While the weekdays attracted family-life picnics, Sunday School and church picnics, on weekends, some of the premier black entertainers from the

so-called “Chitlin Circuit” found themselves entertaining thousands of appreciative patrons who were starved to see top-notch performers such as Billie Holliday; Count Basie; James Brown; Ray Charles and the Raelettes; Wilson Pickett; Otis Redding; Little Richard; Esther Phillips; The Orioles and Frankie Lymon and The Teenagers.

Popular Annapolis radio disc jockey, Charles W. “Hoppy” Adams Jr. of radio station WANN, spear headed the music scene and ensured that premier entertainment consistently performed on “The Beach” soundstage.

Two Baltimore area gentlemen, Mike Lee and Robert Ford, were youngsters at a time when their parents would drive them from West Baltimore to partake in picnics and overall good summer fun, near the Annapolis beaches.

Mike Lee, 68, recalls being in elementary school when he first visited Carr’s Beach.

Mike Lee of Baltimore reflects on life at "the Beach" when he was a youngster.

Courtesy Photo

Mike Lee of Baltimore reflects on life at "the Beach" when he was a youngster.

“I was aware that we weren’t welcome to places like Ocean City,” said Lee. “So Carr’s and Sparrow beaches offered us a safe haven, a place where we could do what we wanted to do, and not have anyone looking over us, like law enforcement.”

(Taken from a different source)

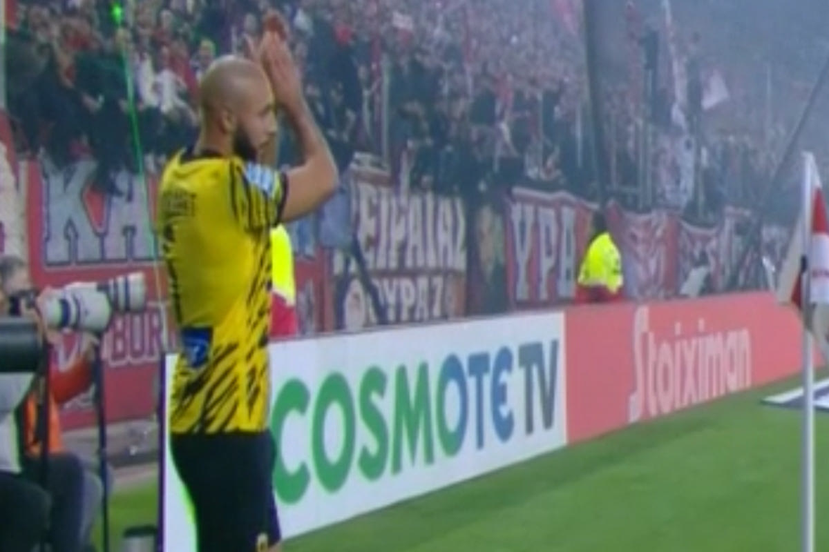 Ολυμπιακός – ΑΕΚ: Ο Άμραμπατ χειροκρότησε ειρωνικά τους οπαδούς των ερυθρολεύκων που τον σημάδευαν με λέιζερ

Lee’s high school classmate, Robert Ford, 67, also has fond memories of visiting “The Beach” as a youngster.

“Carr’s Beach was a summertime location where everyone wanted to go to experience the beach but due to the

activities below the Mason-Dixon Line, we were faced with Jim Crowism and segregation [and] we could not go everywhere, including Ocean City,” said Ford. “To this day, I have never gone to Ocean City. It’s just something about not being allowed to go back then, I guess that’s lingered with me even now.”